We have come to realise over the year that good food, friends and family are invaluable and irreplaceable. As the year comes to an end, we reflected on our good fortune in having all three in abundance and the effort needed to keep it that way, which is why when we found round-trip air ticket prices between Bengaluru and Mumbai for the three of us seemingly unaffordable, we turned to our car.
For a family that had spent its happiest days with the wind in our hair and the road stretching ahead and behind, we had done precious little travel these last few years. Put it down to the dearth of school holidays, work, and lethargy.
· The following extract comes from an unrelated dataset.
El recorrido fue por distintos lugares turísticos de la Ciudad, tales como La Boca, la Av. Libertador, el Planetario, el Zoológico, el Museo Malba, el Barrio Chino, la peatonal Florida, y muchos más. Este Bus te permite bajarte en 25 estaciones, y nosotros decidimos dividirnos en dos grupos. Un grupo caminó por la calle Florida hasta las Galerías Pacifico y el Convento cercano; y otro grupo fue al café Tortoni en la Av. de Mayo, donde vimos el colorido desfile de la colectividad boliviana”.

This time, the normally reluctant child was keen, if she was allowed to jam blankets on both rear-seat windows, create a small bedroom for herself, and go to sleep. So, we set out with blankets flapping in the wind and the child asleep on the backseat-turned-bedroom. It took us two days and 16 hours to cover 1,000km. The first day was easy enough, as we made good time on Karnataka’s smooth highways.
We stopped for the evening and night at a peaceful, little resort amidst sugarcane fields before Kolhapur, home to fiery Kolhapuri mutton and chicken, jowar bhakris and Kolhapuri chappals. To my delight, they had Kolhapuri chicken and bhakri, but while the chicken was fiery and delicious, it was swimming in oil and extraordinarily heavy for a road trip. We washed it down with Old Monk on the patio of our room, as a crisp, chill evening descended around us.
I was a little irritated.
Why must everything made outside the home be so hard on the stomach and damaging to the arteries? That is why I swore to make Kolhapuri chicken, just to see if it could be light and easy. I am happy to report that it can be. My version (see recipe) was drier, more earthy, and certainly as tasty and more satisfying.
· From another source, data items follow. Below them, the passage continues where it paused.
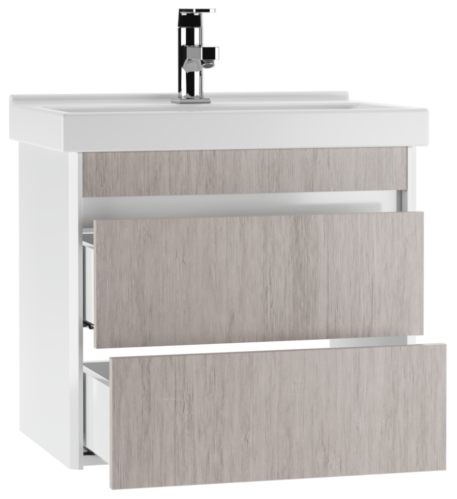 Подвесная тумба под умывальник "Fest 60" UNO с 2-я ящиками В2 Домино (дуб серый)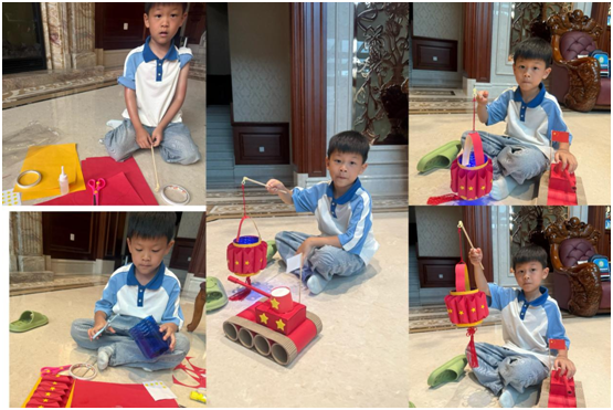 自双节来临前,幼儿园便向全体家庭发起亲子手工邀约,鼓励家长与孩子携手,以 “中秋团圆”“国庆华诞” 为创作核心,用环保材料、彩纸、黏土等打造特色作品。活动中,家长们耐心引导,孩子们积极动手,一双双小手与大手默契配合:有的制作出层次分明的 “祖国生日蛋糕”,奶油纹路间点缀,巨龙腾飞势不可当,有的制作着象征团圆的月亮、玉兔与中秋灯笼;有的用卡纸剪裁、拼接,还原出天安门城楼的红墙黄瓦与长城的蜿蜒壮阔;还有的发挥想象力,制作出昂首冲天的火箭、威风凛凛的坦克与翱翔蓝天的大飞机,将对祖国科技发展的赞叹融入作品。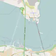 The Queensferry Crossing is a three-tower cable-stayed bridge, with an overall length of 2.7 kilometres (1.7 miles).[4] Around 4 kilometres (2.5 miles) of new connecting roads were built,[5] including new and upgraded junctions at Ferrytoll in Fife, South Queensferry and Junction 1A on the M9.

To return to the journey, as we set out at 5.30am from Kolhapur on Day 2, we quickly realised that the smooth sailing of the first day was over. South Maharashtra’s highways were being converted to six lanes from four, slowing us down greatly, as we were guided into diversions every 10km or less. Passing through Pune late morning was hellish, and just when we thought we could breathe easy on the Pune-Mumbai Expressway, we were caught in a gigantic traffic jam in the Khandala Ghats. When we descended the hills, the toll plazas were backed up, and I had to dangerously fight off cars and SUVs trying to cut in from the left and right.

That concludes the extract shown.